OPINION FILED JUNE 5, 1985.
IN RE ESTATE OF CHERRY WHITTINGTON, AN INCOMPETENT, ET AL. (JEAN LYONS, GUARDIAN, APPELLEE,
DANIEL BUTE, CONSERVATOR, ET AL., APPELLANTS).
Appeal from the Appellate Court for the Third District; heard
in that court on appeal from the Circuit Court of La Salle
County, the Hon. Leonard Hoffman, Judge, presiding.

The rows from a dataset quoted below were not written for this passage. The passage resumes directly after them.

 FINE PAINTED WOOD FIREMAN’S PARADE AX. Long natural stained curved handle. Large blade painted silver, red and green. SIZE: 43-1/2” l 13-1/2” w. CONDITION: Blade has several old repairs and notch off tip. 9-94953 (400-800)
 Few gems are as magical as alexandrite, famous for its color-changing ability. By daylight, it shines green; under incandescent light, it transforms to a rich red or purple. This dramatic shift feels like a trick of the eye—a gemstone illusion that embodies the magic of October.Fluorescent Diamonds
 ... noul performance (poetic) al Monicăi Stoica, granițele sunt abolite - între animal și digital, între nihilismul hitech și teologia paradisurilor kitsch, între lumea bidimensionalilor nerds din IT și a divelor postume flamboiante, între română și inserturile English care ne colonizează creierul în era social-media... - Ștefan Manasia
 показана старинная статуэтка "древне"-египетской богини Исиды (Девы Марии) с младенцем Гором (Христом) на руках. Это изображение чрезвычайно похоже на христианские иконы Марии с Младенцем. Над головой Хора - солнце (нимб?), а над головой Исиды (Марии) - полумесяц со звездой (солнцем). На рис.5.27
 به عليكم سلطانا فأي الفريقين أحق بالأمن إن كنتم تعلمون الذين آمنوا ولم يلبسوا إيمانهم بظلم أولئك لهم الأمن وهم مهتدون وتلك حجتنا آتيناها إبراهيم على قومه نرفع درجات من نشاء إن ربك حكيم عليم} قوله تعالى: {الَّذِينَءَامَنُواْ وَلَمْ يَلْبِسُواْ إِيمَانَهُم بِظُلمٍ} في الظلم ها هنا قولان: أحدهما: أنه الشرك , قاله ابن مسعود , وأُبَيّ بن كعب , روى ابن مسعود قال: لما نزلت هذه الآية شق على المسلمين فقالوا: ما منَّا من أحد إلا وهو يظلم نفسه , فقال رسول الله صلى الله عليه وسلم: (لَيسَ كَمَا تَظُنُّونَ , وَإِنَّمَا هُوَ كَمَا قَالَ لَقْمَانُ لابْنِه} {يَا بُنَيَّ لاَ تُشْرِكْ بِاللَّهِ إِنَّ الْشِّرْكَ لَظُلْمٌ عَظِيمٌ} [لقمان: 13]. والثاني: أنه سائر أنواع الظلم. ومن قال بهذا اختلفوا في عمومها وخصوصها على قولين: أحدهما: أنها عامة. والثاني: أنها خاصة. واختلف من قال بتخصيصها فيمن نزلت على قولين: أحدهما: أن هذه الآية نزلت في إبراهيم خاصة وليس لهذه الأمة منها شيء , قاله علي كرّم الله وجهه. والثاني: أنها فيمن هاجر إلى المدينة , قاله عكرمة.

JUSTICE SIMON DELIVERED THE OPINION OF THE COURT:
Rehearing denied September 27, 1985.
On May 2, 1978, the petitioner, Cherry Whittington, killed her husband. After trial on charges of murder and manslaughter, she was found not guilty by reason of insanity. She was committed to the Zeller Mental Health Center in December 1978, where she remained until November 1979, when she was released to the care of a halfway house in Peoria. Daniel Bute was appointed conservator of the petitioner's estate in 1978 when she was judged incompetent. At the time of the killing, the petitioner's two-month-old son, Richard Whittington, was placed with his great aunt, Jean Lyons, the respondent in this case. Lyons was later appointed Richard's guardian, and the child has lived with her ever since.
In 1981, the petitioner married Howard Price. Soon after, she filed a petition in the circuit court of La Salle County to terminate the conservatorship of her estate and the guardianship of her son and to have the child returned to her custody. The circuit court denied the petition on February 5, 1982. A new judge was assigned to the conservatorship in March 1983, and the petitioner then filed a series of petitions for termination of both the conservatorship and the guardianship, none of which were ruled upon. On May 24, 1983, Daniel Bute filed a petition to terminate the conservatorship, but did not give notice to the respondent. After a hearing on Bute's petition on June 3, 1983, at which the petitioner, Howard Price, Bute, and a neighbor of the Prices testified and a letter from a psychiatrist who had examined the petitioner was submitted, the judge ordered the conservatorship terminated. Upon learning of the order, the respondent filed a motion to vacate and another to reconsider the order, both of which were denied.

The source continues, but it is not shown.